■ Source data
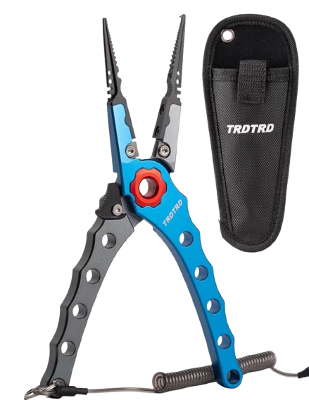 Crafted from durable, lightweight aluminum, these fishing pliers are built to withstand harsh saltwater conditions while offering effortless handling. Their corrosion-resistant design ensures long-lasting performance, making them a reliable tool for every angler. Equipped with sharp, replaceable tungsten carbide cutters, they slice through braided, mono, and fluorocarbon lines with ease. The ergonomic non-slip grips provide comfortable control, even when wet. A spring-loaded mechanism allows smooth one-handed operation, ideal for quick hook removals. The split-ring tip adds extra versatility for swapping out lures or repairing tackle. Designed for precision, the jaws offer a firm grip without damaging fish. A safety lanyard and sheath keep the pliers secure and within reach. Perfect for boat, shore, or kayak fishing, they elevate your gear with efficiency and reliability.
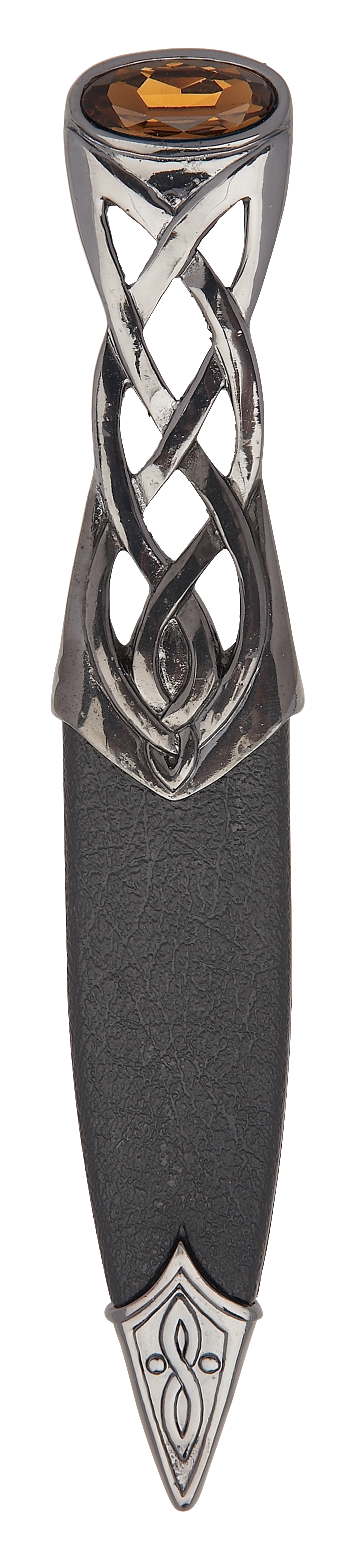 Expertly crafted from antique Celtic pewter, this sgian dubh features a striking coloured stone top and a durable stainless steel blade, combining heritage craftsmanship with functional elegance.
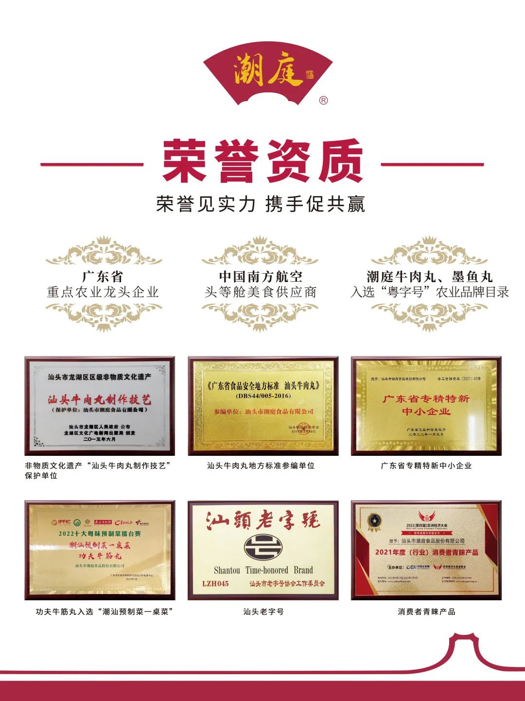 优秀的产品品质、领先的综合服务能力和全面的可持续发展能力,让潮庭食品一直深受各级政府和社会各界的信赖与认可,获得“高新技术企业”、“广东省重点农业龙头企业”、“广东省专精特新中小企业”、“汕头市侨胞之家”等荣誉称号。从2021年潮庭食品签约世界举重冠军蔡炎书作为品牌形象大使,同年先后成为【2021中国男子手球超级联赛】官方赞助商、【2021-2022中国排球超级联赛】官方供应商,到2022年登上北京冬奥会餐桌,潮庭食品用品质和实力换取了消费者的信任,用品牌力和产品力绽放在国际舞台上,努力实现着“潮汕美食,庭院飘香”的品牌愿景。
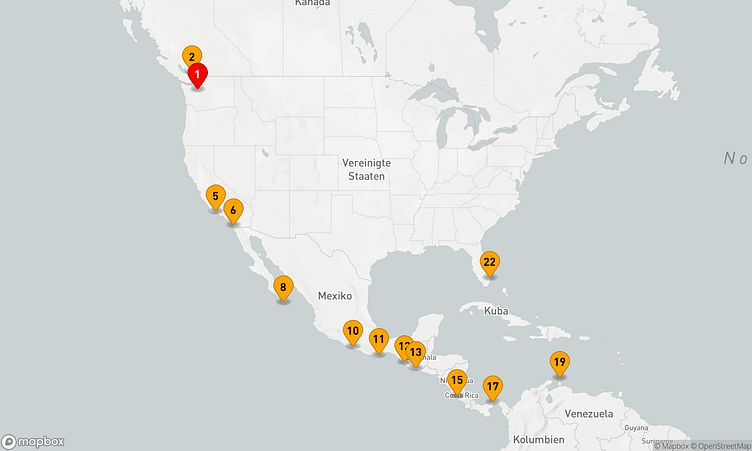 Während dieser Reise erwarten Sie Stops in den Häfen von Seattle, San Diego und Puerto Chiapas, an denen Sie die lokalen Highlights entdecken und unvergessliche Eindrücke sammeln können.
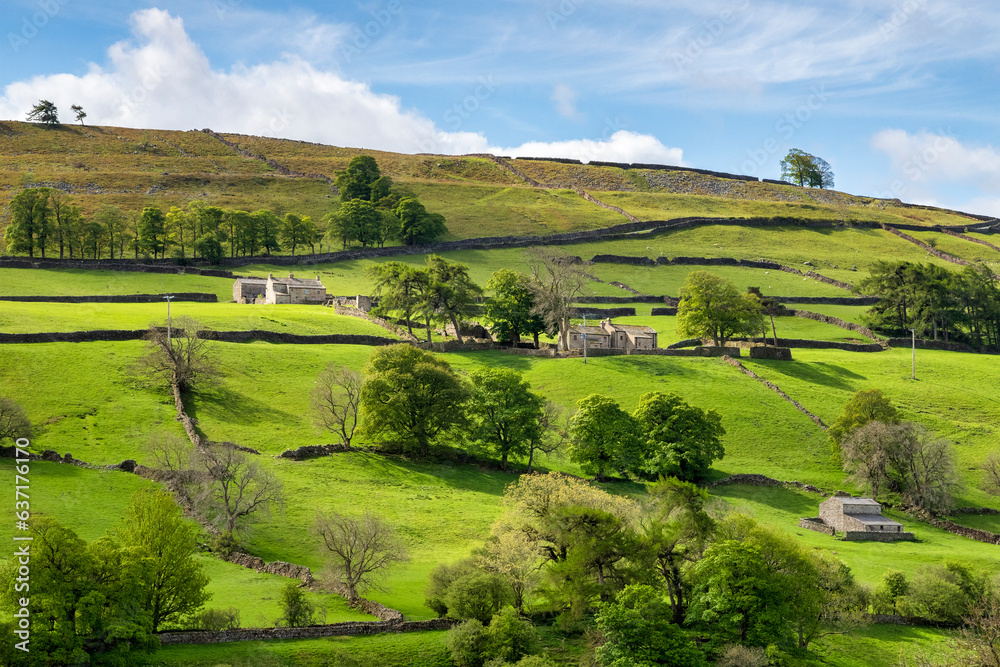Fototapeta Dry stone walls and stone cottages on a bright spring day with beautiful greens,

■ Task goal
Restate each line of the material word for word, skipping any picture.

■ Solution to this exercise
 Crafted from durable, lightweight aluminum, these fishing pliers are built to withstand harsh saltwater conditions while offering effortless handling. Their corrosion-resistant design ensures long-lasting performance, making them a reliable tool for every angler. Equipped with sharp, replaceable tungsten carbide cutters, they slice through braided, mono, and fluorocarbon lines with ease. The ergonomic non-slip grips provide comfortable control, even when wet. A spring-loaded mechanism allows smooth one-handed operation, ideal for quick hook removals. The split-ring tip adds extra versatility for swapping out lures or repairing tackle. Designed for precision, the jaws offer a firm grip without damaging fish. A safety lanyard and sheath keep the pliers secure and within reach. Perfect for boat, shore, or kayak fishing, they elevate your gear with efficiency and reliability.
 Expertly crafted from antique Celtic pewter, this sgian dubh features a striking coloured stone top and a durable stainless steel blade, combining heritage craftsmanship with functional elegance.
 优秀的产品品质、领先的综合服务能力和全面的可持续发展能力,让潮庭食品一直深受各级政府和社会各界的信赖与认可,获得“高新技术企业”、“广东省重点农业龙头企业”、“广东省专精特新中小企业”、“汕头市侨胞之家”等荣誉称号。从2021年潮庭食品签约世界举重冠军蔡炎书作为品牌形象大使,同年先后成为【2021中国男子手球超级联赛】官方赞助商、【2021-2022中国排球超级联赛】官方供应商,到2022年登上北京冬奥会餐桌,潮庭食品用品质和实力换取了消费者的信任,用品牌力和产品力绽放在国际舞台上,努力实现着“潮汕美食,庭院飘香”的品牌愿景。
 Während dieser Reise erwarten Sie Stops in den Häfen von Seattle, San Diego und Puerto Chiapas, an denen Sie die lokalen Highlights entdecken und unvergessliche Eindrücke sammeln können.
Fototapeta Dry stone walls and stone cottages on a bright spring day with beautiful greens,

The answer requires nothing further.